(Stored items from a collection)
=-=-=

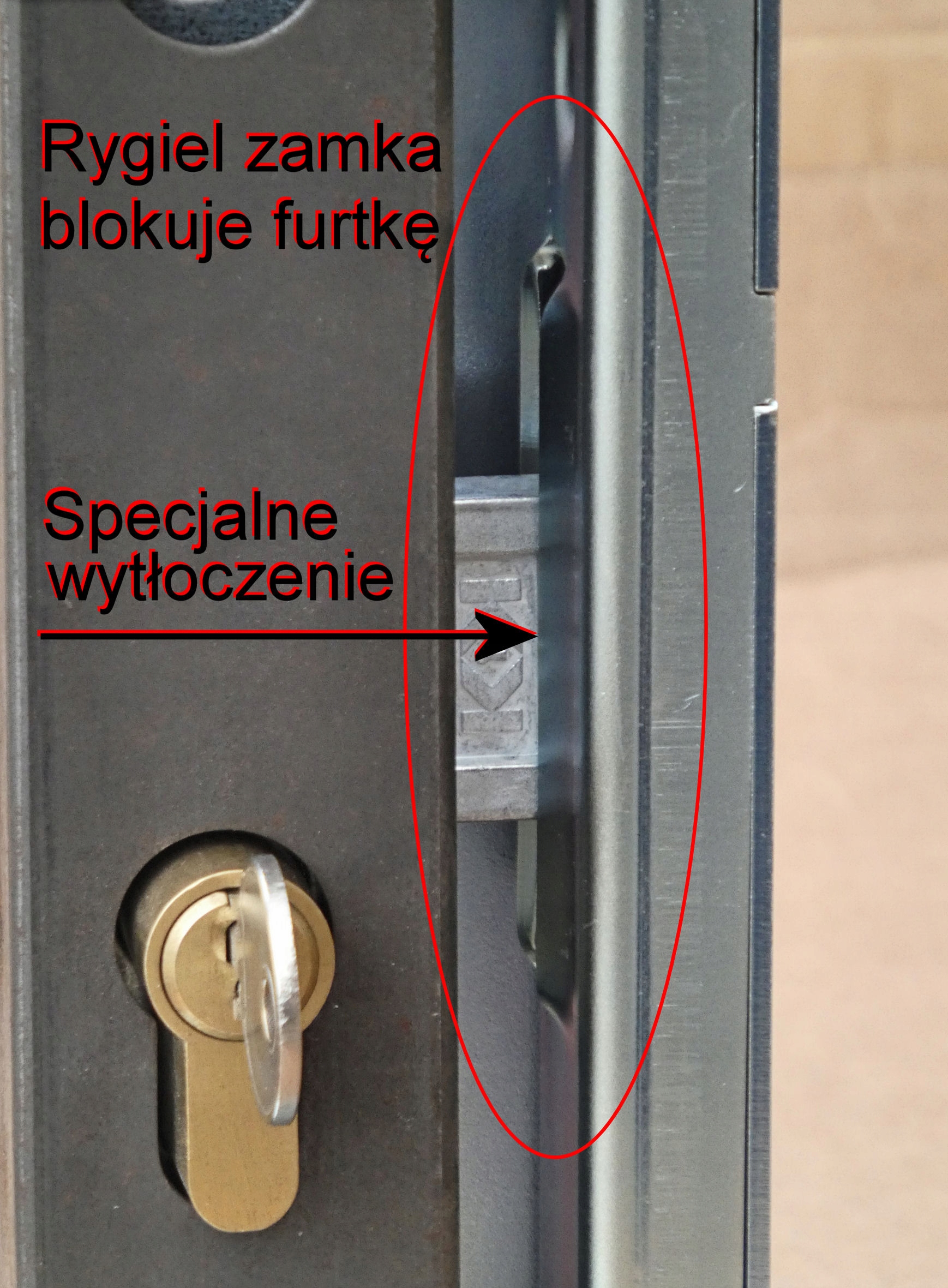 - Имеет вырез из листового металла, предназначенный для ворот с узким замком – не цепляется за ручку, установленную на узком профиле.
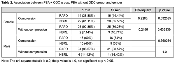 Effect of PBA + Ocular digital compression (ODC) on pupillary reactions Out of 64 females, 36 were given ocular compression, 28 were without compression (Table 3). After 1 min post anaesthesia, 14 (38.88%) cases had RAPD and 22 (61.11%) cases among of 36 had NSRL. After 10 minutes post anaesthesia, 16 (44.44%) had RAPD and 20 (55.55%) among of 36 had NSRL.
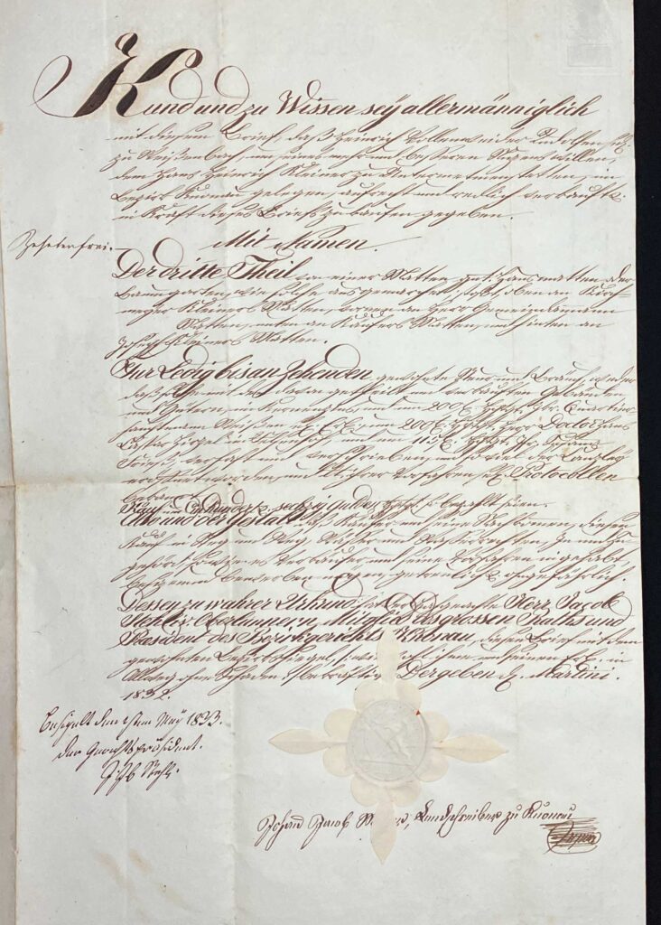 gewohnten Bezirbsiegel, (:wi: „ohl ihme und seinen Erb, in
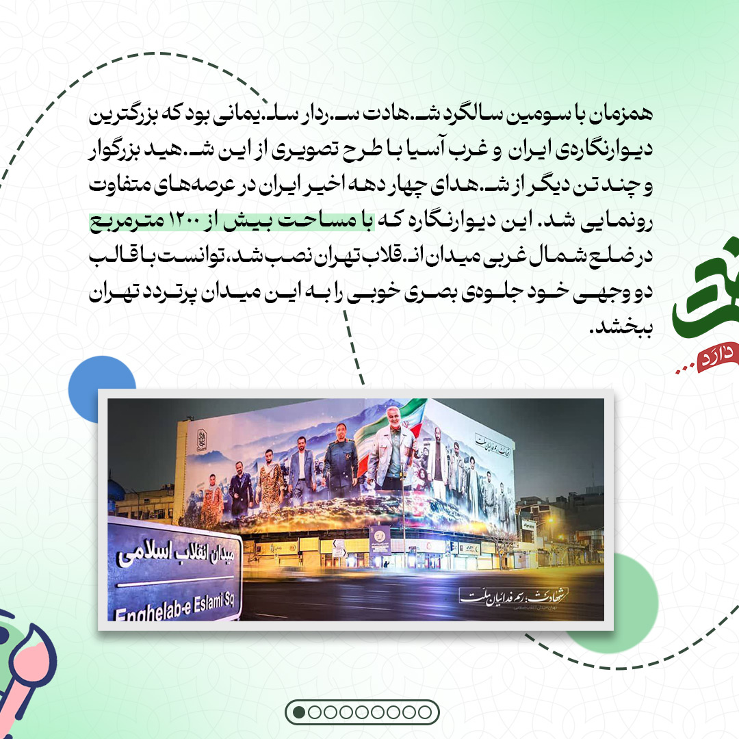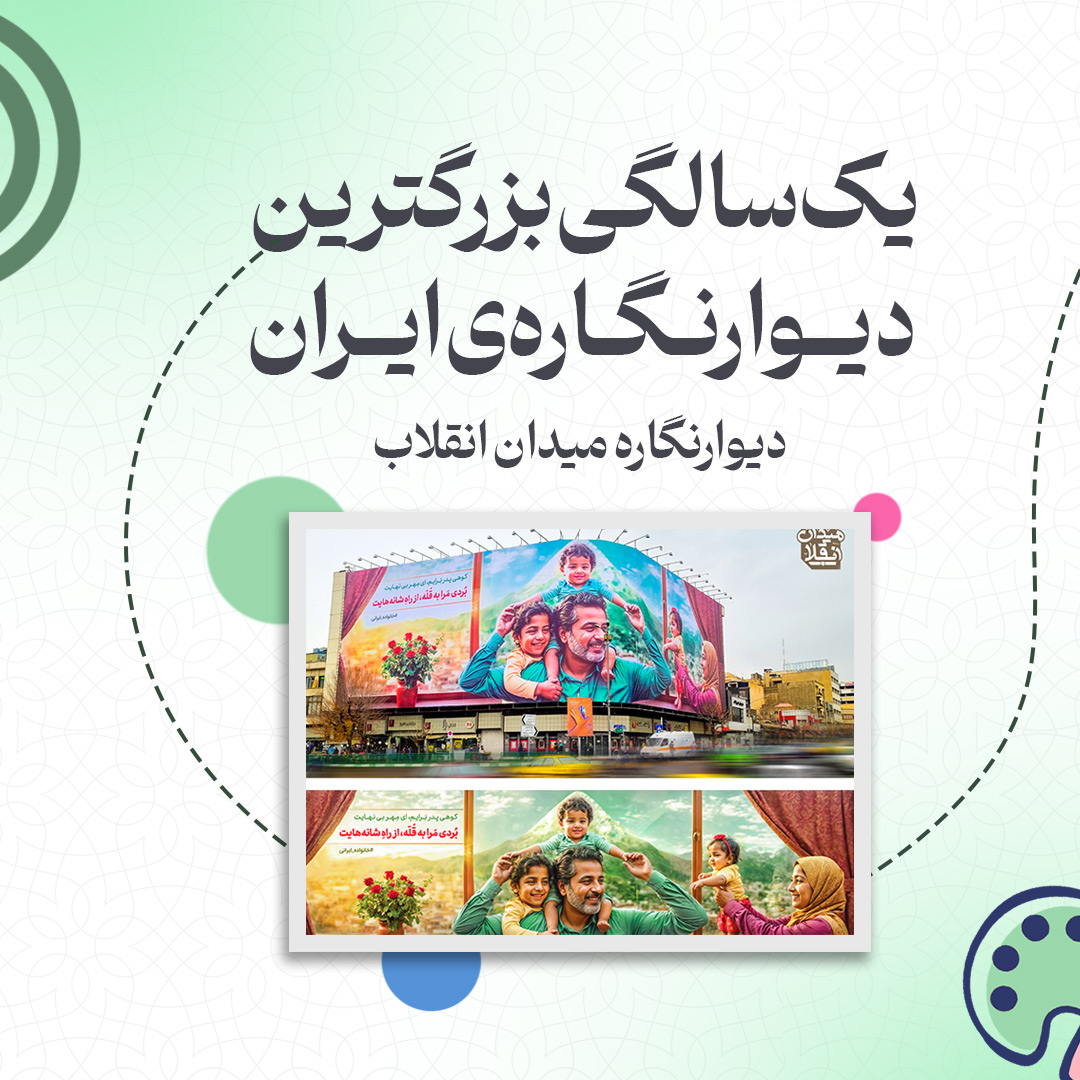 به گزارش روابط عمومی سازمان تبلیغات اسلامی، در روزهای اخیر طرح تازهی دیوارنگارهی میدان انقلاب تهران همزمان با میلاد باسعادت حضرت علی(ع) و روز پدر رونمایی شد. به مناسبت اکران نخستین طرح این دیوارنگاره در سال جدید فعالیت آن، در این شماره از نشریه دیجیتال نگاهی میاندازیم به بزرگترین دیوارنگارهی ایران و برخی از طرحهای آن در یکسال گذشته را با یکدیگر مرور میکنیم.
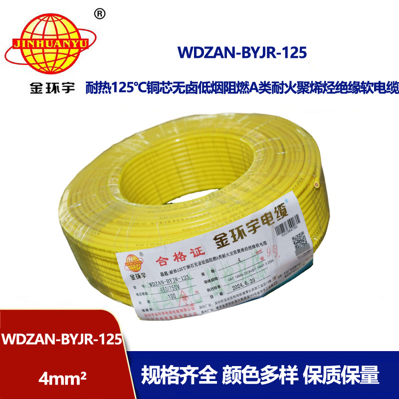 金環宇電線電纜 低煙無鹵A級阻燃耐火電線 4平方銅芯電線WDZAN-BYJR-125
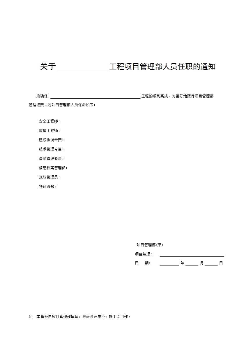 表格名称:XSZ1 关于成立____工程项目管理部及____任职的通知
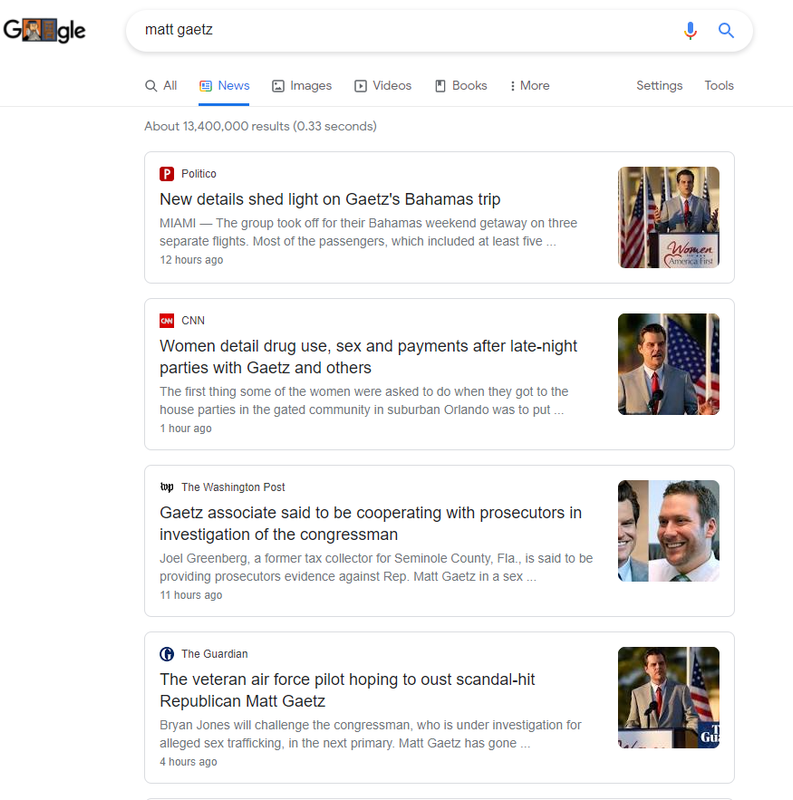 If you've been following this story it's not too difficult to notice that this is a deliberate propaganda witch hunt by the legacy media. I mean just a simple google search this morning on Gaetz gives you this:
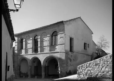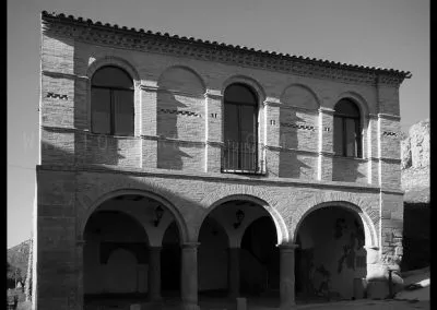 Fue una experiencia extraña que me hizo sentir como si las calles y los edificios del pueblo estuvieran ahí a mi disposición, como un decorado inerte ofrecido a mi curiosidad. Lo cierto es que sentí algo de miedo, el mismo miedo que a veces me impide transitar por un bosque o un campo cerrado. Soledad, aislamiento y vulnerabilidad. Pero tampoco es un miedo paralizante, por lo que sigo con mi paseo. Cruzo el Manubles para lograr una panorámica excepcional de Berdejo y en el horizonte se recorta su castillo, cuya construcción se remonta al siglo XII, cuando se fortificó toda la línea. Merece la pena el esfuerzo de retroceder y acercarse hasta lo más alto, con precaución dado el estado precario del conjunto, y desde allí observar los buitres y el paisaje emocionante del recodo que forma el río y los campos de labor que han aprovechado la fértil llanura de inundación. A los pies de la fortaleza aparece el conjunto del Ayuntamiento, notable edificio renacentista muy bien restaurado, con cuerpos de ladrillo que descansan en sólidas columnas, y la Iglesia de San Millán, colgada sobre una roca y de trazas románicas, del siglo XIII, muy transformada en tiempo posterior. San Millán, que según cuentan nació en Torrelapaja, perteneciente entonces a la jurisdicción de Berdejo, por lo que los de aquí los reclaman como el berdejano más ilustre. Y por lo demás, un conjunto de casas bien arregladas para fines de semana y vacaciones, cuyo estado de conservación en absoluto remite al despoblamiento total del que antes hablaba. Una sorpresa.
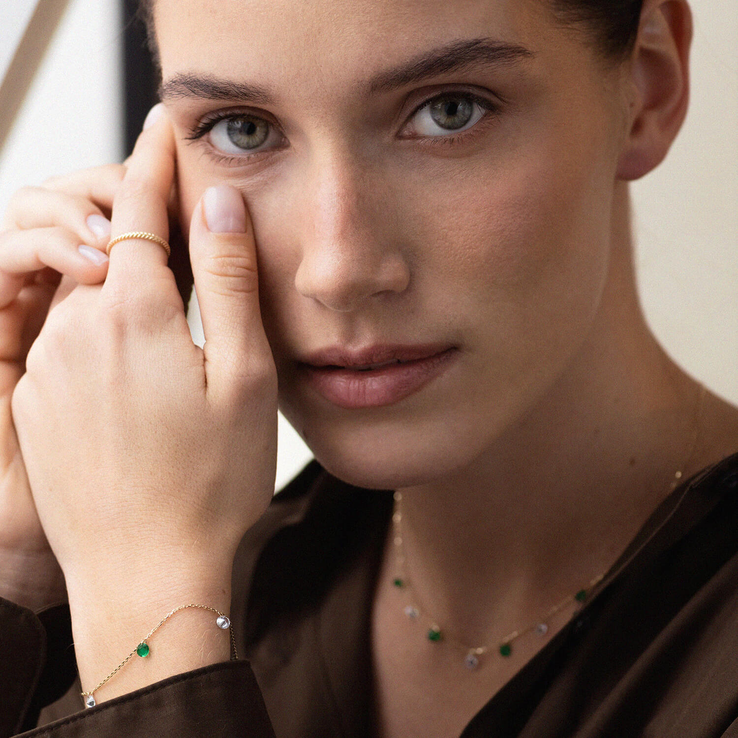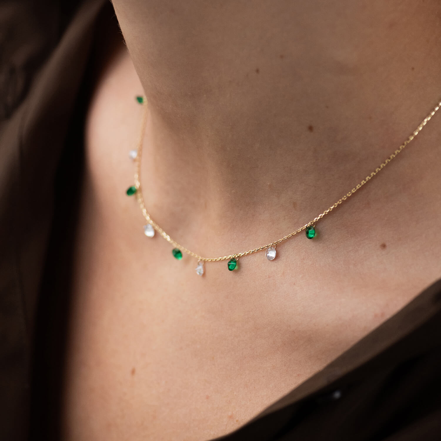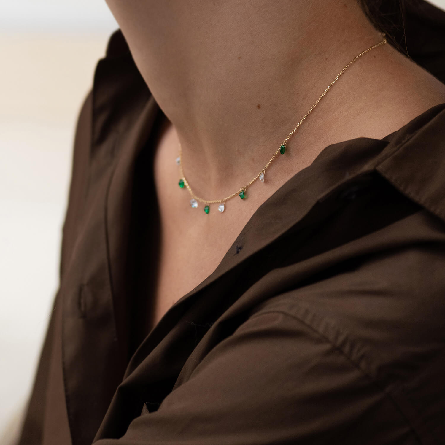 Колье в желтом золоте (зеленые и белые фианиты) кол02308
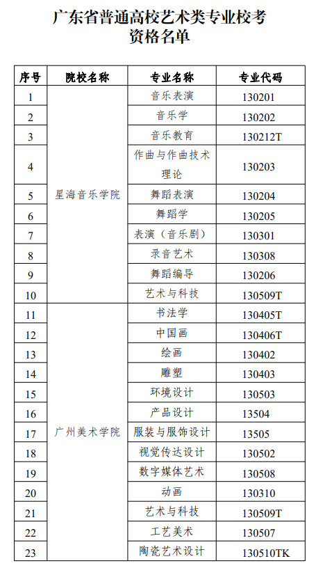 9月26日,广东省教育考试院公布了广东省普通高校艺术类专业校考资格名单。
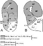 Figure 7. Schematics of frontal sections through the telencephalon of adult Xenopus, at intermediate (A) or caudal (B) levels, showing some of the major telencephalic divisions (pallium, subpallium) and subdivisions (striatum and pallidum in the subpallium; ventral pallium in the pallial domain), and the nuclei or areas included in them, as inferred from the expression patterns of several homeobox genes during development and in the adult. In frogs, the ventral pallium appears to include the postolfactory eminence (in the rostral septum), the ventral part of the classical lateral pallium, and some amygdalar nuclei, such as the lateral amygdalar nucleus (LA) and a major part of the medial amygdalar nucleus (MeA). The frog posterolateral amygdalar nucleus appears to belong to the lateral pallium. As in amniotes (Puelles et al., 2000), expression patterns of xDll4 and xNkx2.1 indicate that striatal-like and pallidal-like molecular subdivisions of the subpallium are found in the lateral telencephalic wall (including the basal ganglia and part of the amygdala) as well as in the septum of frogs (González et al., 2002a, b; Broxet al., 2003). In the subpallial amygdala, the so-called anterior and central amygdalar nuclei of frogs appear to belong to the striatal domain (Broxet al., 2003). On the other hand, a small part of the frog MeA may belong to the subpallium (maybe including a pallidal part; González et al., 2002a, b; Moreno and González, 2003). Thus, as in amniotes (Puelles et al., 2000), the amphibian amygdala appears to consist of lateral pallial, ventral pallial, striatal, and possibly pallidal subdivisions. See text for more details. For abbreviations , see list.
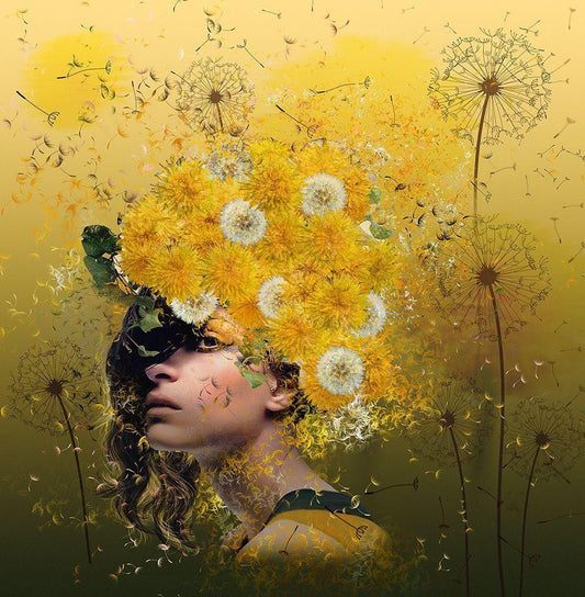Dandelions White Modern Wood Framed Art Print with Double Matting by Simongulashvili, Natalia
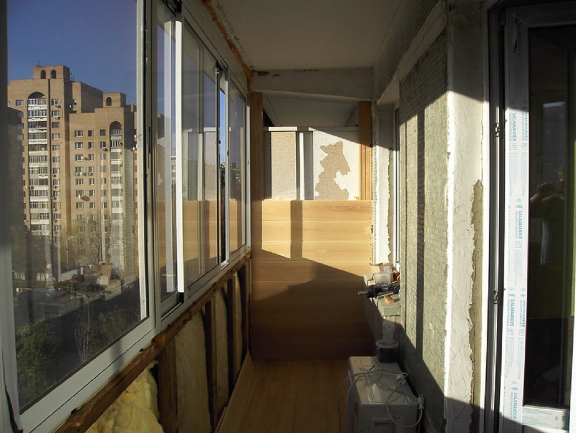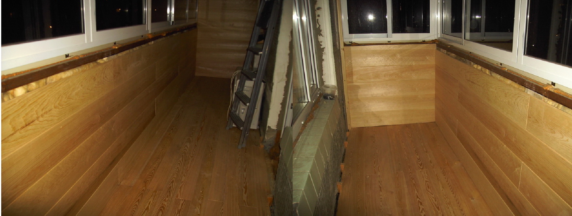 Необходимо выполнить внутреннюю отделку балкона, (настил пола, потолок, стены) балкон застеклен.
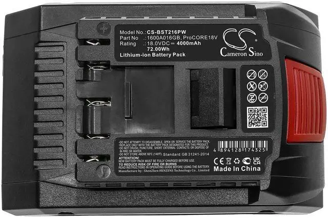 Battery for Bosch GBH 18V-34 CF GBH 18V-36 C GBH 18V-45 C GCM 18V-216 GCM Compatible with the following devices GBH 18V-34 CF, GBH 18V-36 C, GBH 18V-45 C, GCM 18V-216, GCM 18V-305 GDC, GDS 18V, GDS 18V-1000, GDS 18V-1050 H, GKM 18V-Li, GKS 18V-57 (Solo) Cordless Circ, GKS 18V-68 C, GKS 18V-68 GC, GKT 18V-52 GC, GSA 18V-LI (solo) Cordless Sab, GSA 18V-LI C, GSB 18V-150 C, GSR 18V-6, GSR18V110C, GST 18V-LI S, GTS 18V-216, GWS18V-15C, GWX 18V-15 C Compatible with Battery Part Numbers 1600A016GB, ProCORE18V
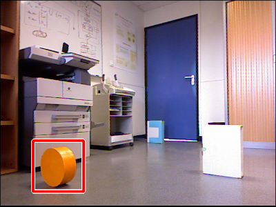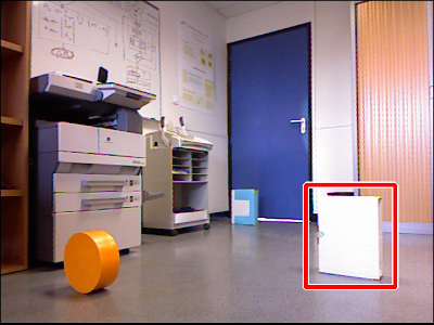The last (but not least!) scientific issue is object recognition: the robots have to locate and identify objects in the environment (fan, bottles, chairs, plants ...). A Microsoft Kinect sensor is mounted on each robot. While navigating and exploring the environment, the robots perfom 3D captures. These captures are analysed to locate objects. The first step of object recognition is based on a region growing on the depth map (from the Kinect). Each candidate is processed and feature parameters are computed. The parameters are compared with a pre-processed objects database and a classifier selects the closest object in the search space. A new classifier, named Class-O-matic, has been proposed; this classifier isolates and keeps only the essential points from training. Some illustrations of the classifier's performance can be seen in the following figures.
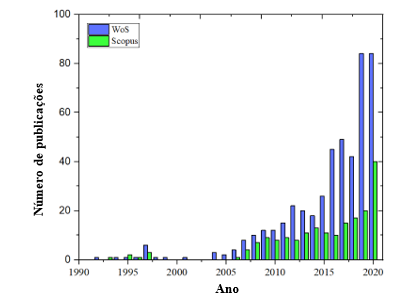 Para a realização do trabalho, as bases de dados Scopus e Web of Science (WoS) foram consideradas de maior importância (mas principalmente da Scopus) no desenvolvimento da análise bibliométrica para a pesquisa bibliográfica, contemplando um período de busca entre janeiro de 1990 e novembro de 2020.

=-=-=

How to complete this task: Please transcribe exactly the part of the records that opens with the line containing "Необходимо выполнить внутреннюю" and closes with the line containing "Battery for Bosch", both ends included, and leave out the pictures.

Your solution:
 Необходимо выполнить внутреннюю отделку балкона, (настил пола, потолок, стены) балкон застеклен.
 Battery for Bosch GBH 18V-34 CF GBH 18V-36 C GBH 18V-45 C GCM 18V-216 GCM Compatible with the following devices GBH 18V-34 CF, GBH 18V-36 C, GBH 18V-45 C, GCM 18V-216, GCM 18V-305 GDC, GDS 18V, GDS 18V-1000, GDS 18V-1050 H, GKM 18V-Li, GKS 18V-57 (Solo) Cordless Circ, GKS 18V-68 C, GKS 18V-68 GC, GKT 18V-52 GC, GSA 18V-LI (solo) Cordless Sab, GSA 18V-LI C, GSB 18V-150 C, GSR 18V-6, GSR18V110C, GST 18V-LI S, GTS 18V-216, GWS18V-15C, GWX 18V-15 C Compatible with Battery Part Numbers 1600A016GB, ProCORE18V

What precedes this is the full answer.